Slashdot Mirror


Anti-Terrorist Data Mining Doesn't Work Very Well

Presto Vivace and others sent us this CNet report on a just-released NRC report coming to the conclusion, which will surprise no one here, that data mining doesn't work very well. It's all those darn false positives. The submitter adds, "Any chance we could go back to probable cause?" "A report scheduled to be released on Tuesday by the National Research Council, which has been years in the making, concludes that automated identification of terrorists through data mining or any other mechanism 'is neither feasible as an objective nor desirable as a goal of technology development efforts.' Inevitable false positives will result in 'ordinary, law-abiding citizens and businesses' being incorrectly flagged as suspects. The whopping 352-page report, called 'Protecting Individual Privacy in the Struggle Against Terrorists,' amounts to [be] at least a partial repudiation of the Defense Department's controversial data-mining program called Total Information Awareness, which was limited by Congress in 2003."

4 of 163 comments (clear)

  1. The actual report by Americano · · Score: 4, Informative

    I know this is slashdot and all, but if anybody's actually interested in looking at the full report, it's available for reading in pdf format online.

  2. Paradox of the False Positive by gknoy · · Score: 4, Informative

    I realize this is likely starting to sound old, but Cory Doctorow's Little Brother should be required reading for people doing something like this. His writings about the "Paradox of the False Positive" are enumerated there, but also in other sources:

    http://www.guardian.co.uk/technology/2008/may/20/rare.events

    Statisticians speak of something called the Paradox of the False Positive. Here's how that works: imagine that you've got a disease that strikes one in a million people, and a test for the disease that's 99% accurate. You administer the test to a million people, and it will be positive for around 10,000 of them because for every hundred people, it will be wrong once (that's what 99% accurate means). Yet, statistically, we know that there's only one infected person in the entire sample. That means that your "99% accurate" test is wrong 9,999 times out of 10,000!

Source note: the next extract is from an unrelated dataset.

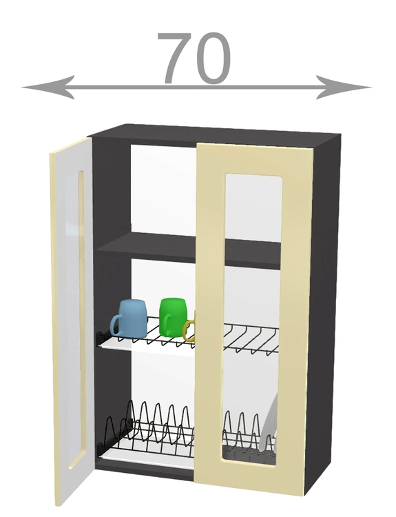 Kuchyňský sektor Capri, horní vysoká vitrína s odkapávačem, šířka 70 cm, 2 dvířka, korpus grafit, dvířka dub tabaco. Vyšší vitrína s odkapávačem na nádobí do zástavby horních skříněk 92 cm. Představujeme vám kuchyňský sektor Capri – nejlevnější kuchyni s možností poskládat si vlastní kuchyňskou sestavu ze skříněk dle svých potřeb a prostoru. Kupujte chytře a výhodně! Kuchyňská linka na míru vás nemusí stát majlant. U kuchyně Capri máte na výběr víc jak 10 barev kuchyňských dvířek jak v dřevodekoru, tak v unikolorech. Zvolit si lze i barvu korpusu, takže výsledná kuchyňská linka na míru se bude krásně hodit do vaší kuchyně jak rozměrem tak barvou. Závěsy horních skříněk (v ceně) jsou bez možnosti regulace. V nabídce též regulovatelné závěsy. Výhodou je, že úchyty skříněk jsou součástí dvířek a tudíž jsou v ceně.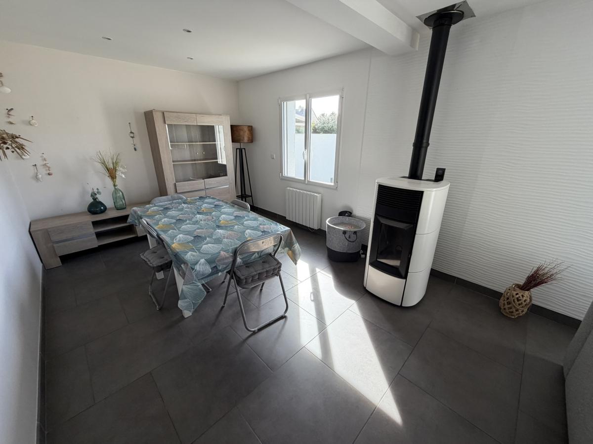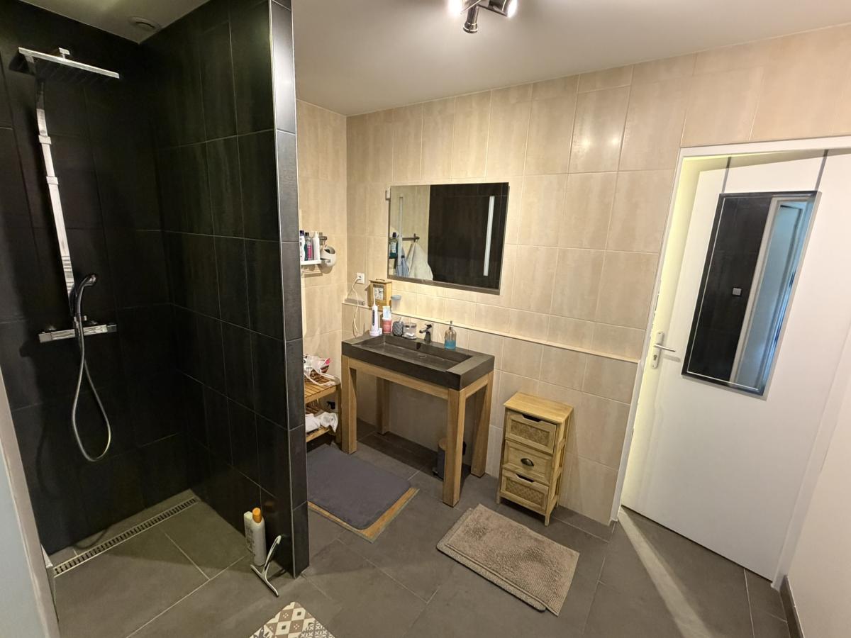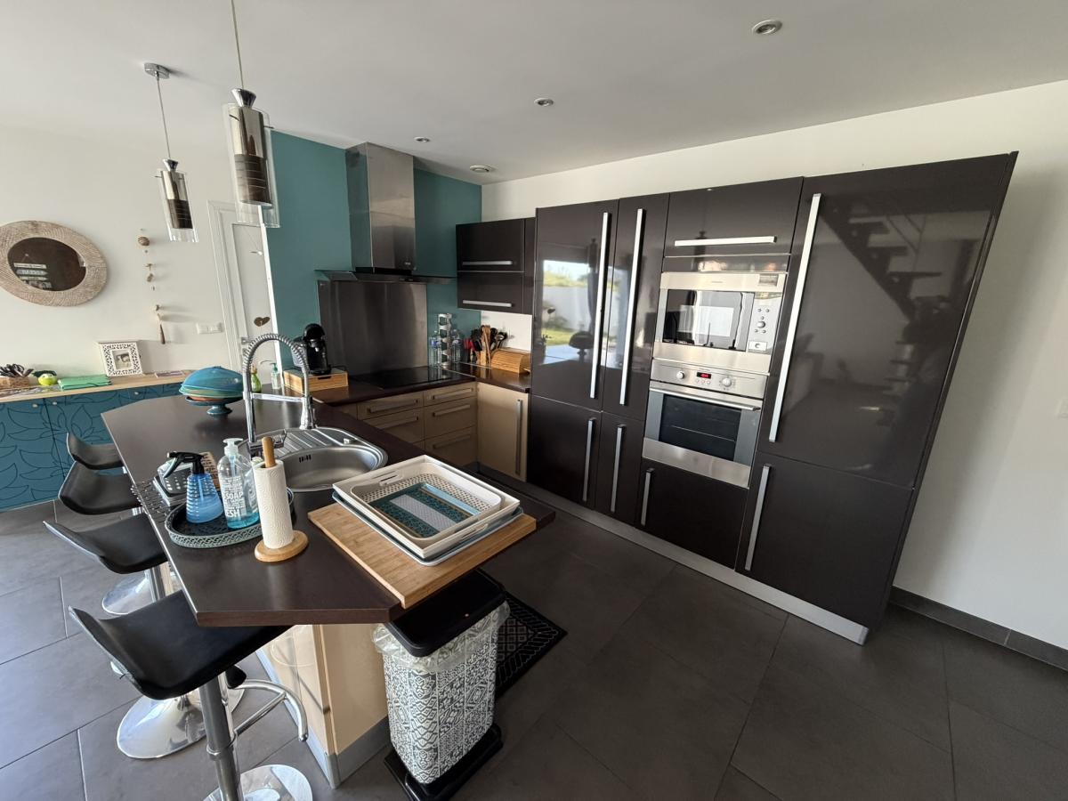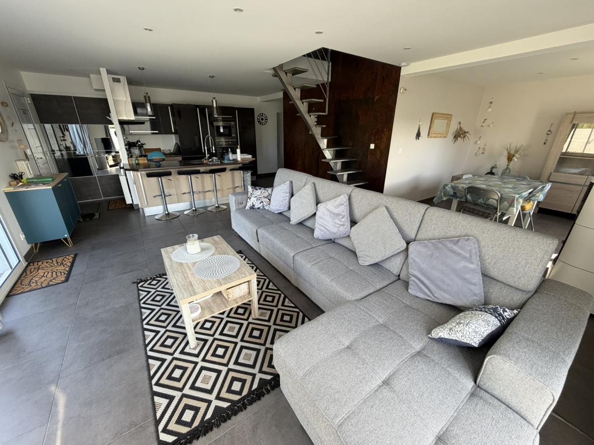 - Au rez de chaussée: entrée avec placard, grand séjour avec poêle à granulés connecté et cuisine ouverte équipée, WC, salle d'eau avec douche à l'italienne, lingerie, garage.

    Terrorism is a lot less common than one in a million and automated "tests" for terrorism data-mined conclusions drawn from transactions, Oyster cards, bank transfers, travel schedules, etc are a lot less accurate than 99%. That means practically every person who is branded a terrorist by our data-mining efforts is innocent.

    (emphasis mine)

    And, as others have pointed out, this system is likely to have a false positive rate higher than 1%.

  3. Re:I'd run on that platform. by Geoffrey.landis · · Score: 4, Informative

    The no fly list doesn't identify people, just names, and it's very exact, so changing charles to chuck will defeat it.

    No, actually it won't. The newspapers are full of stories of people who were detained or forbidden from flying because their name was similar to a name on the list, or a nickname of a name on the list, or a possible alternative spelling of a name on the list, or names that had once been used as an alias of names on the list.

    for example, the name "T. Kennedy" was on the list. Senator Edward Kennedy (whose name does not begin with "T", but who is nicknamed "Teddy") was stopped:
    from Wikipedia

    "In August 2004, Senator Ted Kennedy (D-MA) told a Senate Judiciary Committee discussing the No Fly List that he had appeared on the list and had been repeatedly delayed at airports. He said it had taken him three weeks of appeals directly to Homeland Security Secretary Tom Ridge to have him removed from the list. Kennedy said he was eventually told that the name "T Kennedy" was added to the list because it was once used as an alias of a suspected terrorist. There are an estimated 7,000 American men whose legal names correspond to "T Kennedy". (Senator Kennedy, whose first name is Edward and for whom "Ted" is only a nickname, would not be one of them.)"

    --
    http://www.geoffreylandis.com
  4. Re:I'd run on that platform. by Free+the+Cowards · · Score: 4, Informative

    It doesn't matter, because the only place where you have to get your ID checked is at the TSA checkpoint, and they don't check it against any databases.

    So, the easy recipe for bypassing the no-fly list is:

    1. Purchase tickets in a fake name.
    2. Check in at home before your flight, and print your boarding pass on your home printer.
    3. Using any number of techniques which are trivial to the computer literate, capture that boarding pass, alter it to match your real name, and print a second copy.
    4. When you arrive at the airport, go straight to the security checkpoint.
    5. Use the altered pass with your real name in combination with your real ID to get through security.
    6. Use the original, non-altered pass to board the plane.

    I flew as recently as last month and was not subjected to anything which would defeat this scheme. It fails if you need to check luggage, but I doubt a terrorist is going to be doing that. The no-fly list is such an obvious joke.

    --
    If you mod me Overrated, you are admitting that you have no penis.